INPUT MATERIAL →

• • •

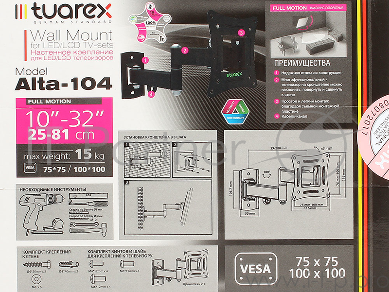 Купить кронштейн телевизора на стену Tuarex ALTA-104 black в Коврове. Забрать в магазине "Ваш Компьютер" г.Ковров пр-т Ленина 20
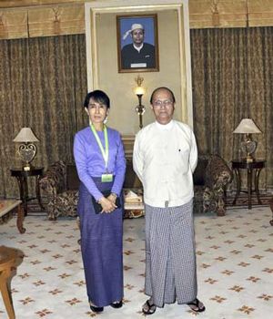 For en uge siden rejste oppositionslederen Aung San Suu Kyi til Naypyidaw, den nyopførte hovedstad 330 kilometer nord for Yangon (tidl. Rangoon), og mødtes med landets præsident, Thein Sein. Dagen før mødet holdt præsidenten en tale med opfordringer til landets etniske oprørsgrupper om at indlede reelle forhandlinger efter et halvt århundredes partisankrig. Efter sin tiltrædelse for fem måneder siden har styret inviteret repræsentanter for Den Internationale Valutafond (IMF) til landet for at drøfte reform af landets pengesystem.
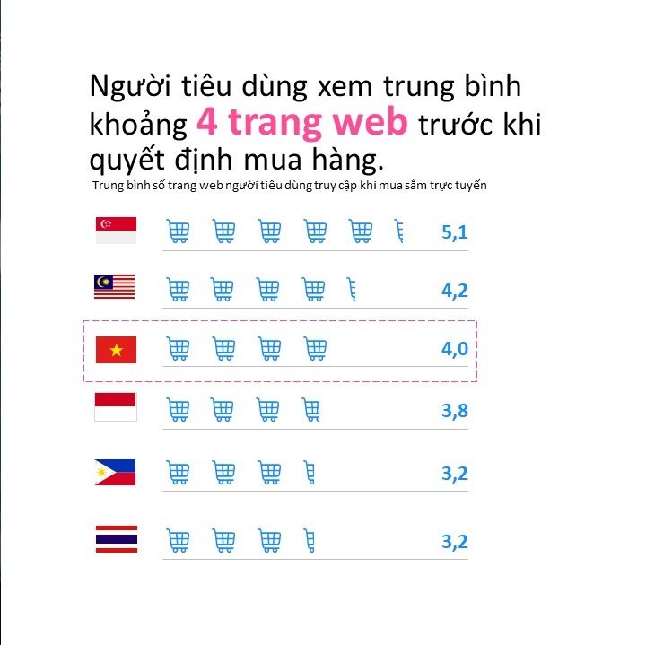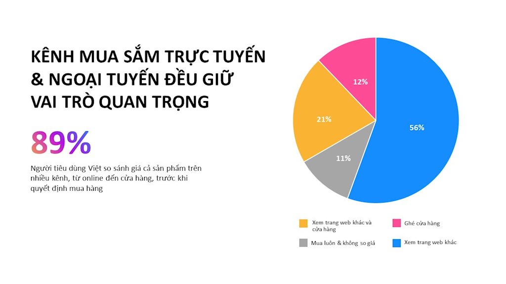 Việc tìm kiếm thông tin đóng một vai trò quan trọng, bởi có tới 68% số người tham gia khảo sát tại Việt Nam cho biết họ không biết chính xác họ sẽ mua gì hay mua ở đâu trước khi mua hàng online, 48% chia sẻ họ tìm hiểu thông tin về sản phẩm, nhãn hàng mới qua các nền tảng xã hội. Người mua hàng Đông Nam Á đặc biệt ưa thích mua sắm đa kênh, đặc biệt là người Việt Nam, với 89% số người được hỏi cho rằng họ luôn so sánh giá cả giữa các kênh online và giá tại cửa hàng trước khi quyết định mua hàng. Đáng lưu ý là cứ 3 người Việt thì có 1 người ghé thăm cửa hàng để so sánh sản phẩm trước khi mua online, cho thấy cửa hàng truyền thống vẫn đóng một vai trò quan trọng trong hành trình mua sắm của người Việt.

• • •

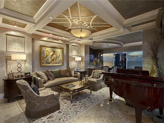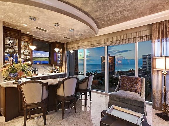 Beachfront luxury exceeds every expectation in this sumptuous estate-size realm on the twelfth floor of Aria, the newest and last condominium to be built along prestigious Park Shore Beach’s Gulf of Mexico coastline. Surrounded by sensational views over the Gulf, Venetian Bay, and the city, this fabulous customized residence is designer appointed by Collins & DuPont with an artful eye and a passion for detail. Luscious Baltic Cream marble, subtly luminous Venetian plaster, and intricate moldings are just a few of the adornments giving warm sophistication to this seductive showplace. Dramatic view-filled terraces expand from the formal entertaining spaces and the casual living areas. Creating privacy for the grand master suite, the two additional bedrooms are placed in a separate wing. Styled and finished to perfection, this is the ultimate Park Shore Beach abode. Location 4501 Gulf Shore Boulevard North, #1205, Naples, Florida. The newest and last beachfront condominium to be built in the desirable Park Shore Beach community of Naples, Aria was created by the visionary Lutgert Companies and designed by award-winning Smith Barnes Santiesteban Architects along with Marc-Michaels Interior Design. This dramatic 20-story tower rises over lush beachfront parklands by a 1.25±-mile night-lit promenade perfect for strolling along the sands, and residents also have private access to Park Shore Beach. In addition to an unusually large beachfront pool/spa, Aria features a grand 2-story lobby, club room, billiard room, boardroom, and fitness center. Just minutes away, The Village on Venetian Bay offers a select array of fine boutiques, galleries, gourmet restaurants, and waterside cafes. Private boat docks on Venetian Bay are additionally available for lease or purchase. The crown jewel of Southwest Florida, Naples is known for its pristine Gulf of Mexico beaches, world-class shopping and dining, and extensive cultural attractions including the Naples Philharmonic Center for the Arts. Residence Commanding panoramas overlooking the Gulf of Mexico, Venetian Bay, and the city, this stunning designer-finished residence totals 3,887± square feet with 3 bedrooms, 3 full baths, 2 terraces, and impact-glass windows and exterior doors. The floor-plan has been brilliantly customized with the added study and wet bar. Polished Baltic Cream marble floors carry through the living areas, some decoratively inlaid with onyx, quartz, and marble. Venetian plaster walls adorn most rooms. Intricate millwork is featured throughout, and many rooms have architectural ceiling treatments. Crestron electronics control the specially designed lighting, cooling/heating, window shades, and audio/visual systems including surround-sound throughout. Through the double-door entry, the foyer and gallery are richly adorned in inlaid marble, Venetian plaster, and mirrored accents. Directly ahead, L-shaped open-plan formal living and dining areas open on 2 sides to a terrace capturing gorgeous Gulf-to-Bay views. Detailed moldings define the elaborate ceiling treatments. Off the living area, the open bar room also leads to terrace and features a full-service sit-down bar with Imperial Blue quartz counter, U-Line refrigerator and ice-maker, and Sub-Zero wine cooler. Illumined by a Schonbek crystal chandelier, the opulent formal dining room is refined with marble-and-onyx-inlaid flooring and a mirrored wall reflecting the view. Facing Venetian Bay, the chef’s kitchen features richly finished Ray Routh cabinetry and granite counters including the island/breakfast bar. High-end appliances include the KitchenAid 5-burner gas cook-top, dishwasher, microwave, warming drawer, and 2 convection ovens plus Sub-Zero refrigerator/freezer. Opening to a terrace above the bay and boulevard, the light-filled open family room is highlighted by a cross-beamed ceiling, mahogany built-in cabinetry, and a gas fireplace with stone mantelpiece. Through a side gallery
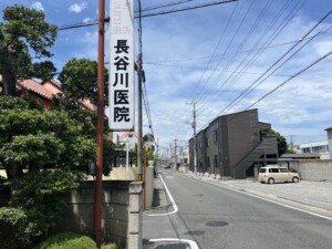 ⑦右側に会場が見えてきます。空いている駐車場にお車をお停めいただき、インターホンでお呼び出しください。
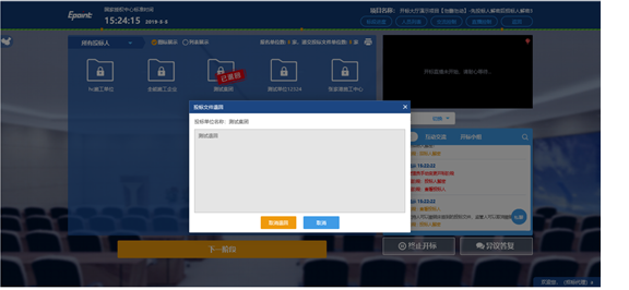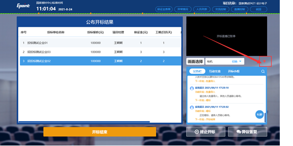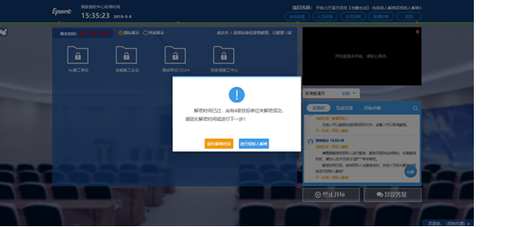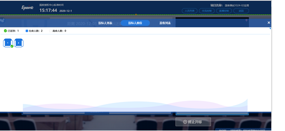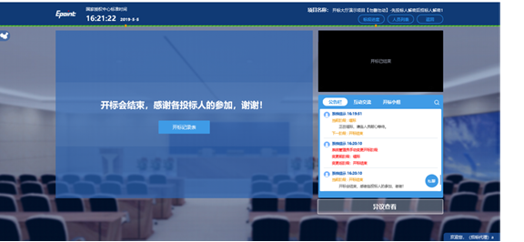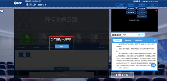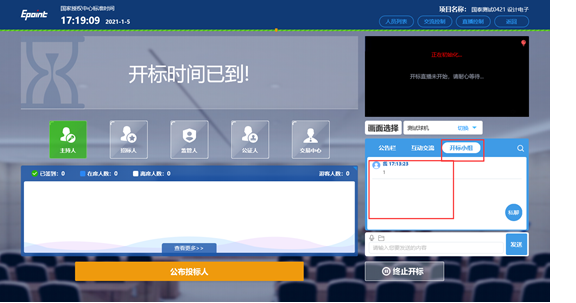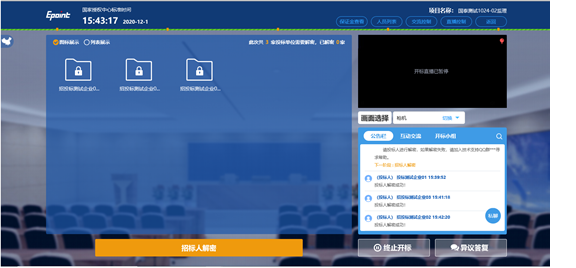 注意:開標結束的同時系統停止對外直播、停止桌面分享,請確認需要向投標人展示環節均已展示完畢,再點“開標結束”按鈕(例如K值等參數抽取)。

• • •

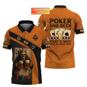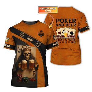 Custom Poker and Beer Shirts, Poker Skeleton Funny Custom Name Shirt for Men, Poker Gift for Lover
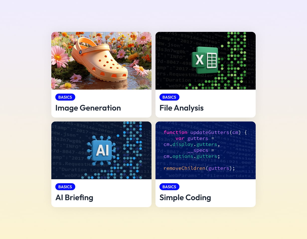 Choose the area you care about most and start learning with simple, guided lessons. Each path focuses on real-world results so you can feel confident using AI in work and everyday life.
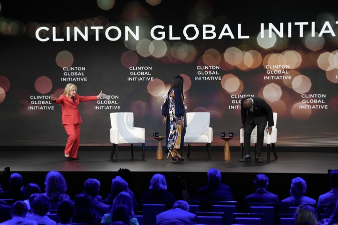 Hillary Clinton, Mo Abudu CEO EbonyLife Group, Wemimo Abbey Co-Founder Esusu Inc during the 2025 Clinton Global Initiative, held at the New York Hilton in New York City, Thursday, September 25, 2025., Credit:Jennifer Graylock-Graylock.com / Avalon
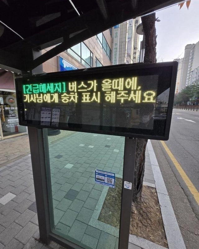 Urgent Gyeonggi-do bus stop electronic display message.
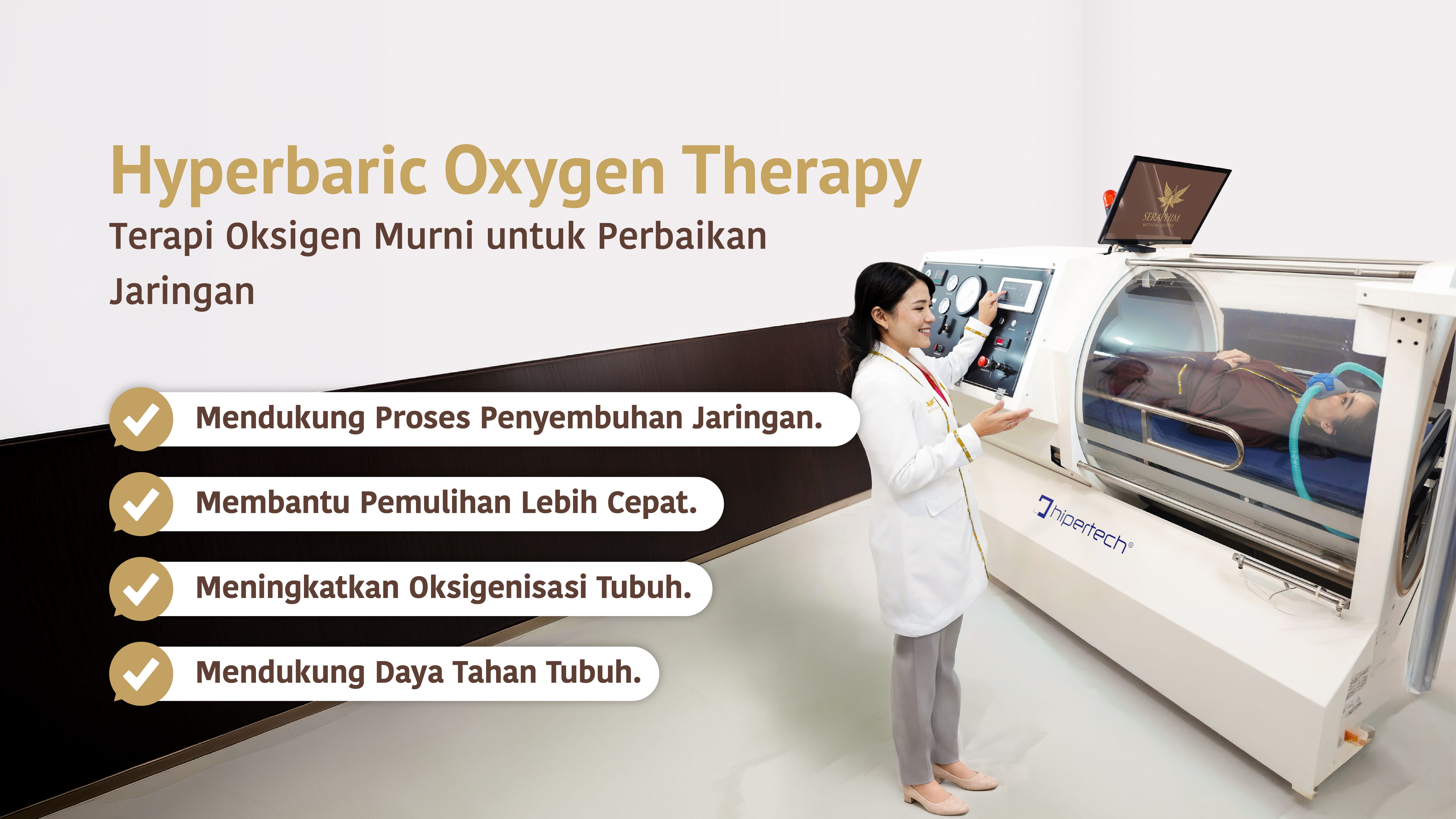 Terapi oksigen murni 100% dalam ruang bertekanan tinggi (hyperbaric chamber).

• • •

Take the entries above and copy exactly the lines starting at the one with "⑦右側に会場が見えてきます。" and ending at the one with "注意:開標結束的同時系統停止"; nothing outside that span, and no pictures.

 ⑦右側に会場が見えてきます。空いている駐車場にお車をお停めいただき、インターホンでお呼び出しください。
 注意:開標結束的同時系統停止對外直播、停止桌面分享,請確認需要向投標人展示環節均已展示完畢,再點“開標結束”按鈕(例如K值等參數抽取)。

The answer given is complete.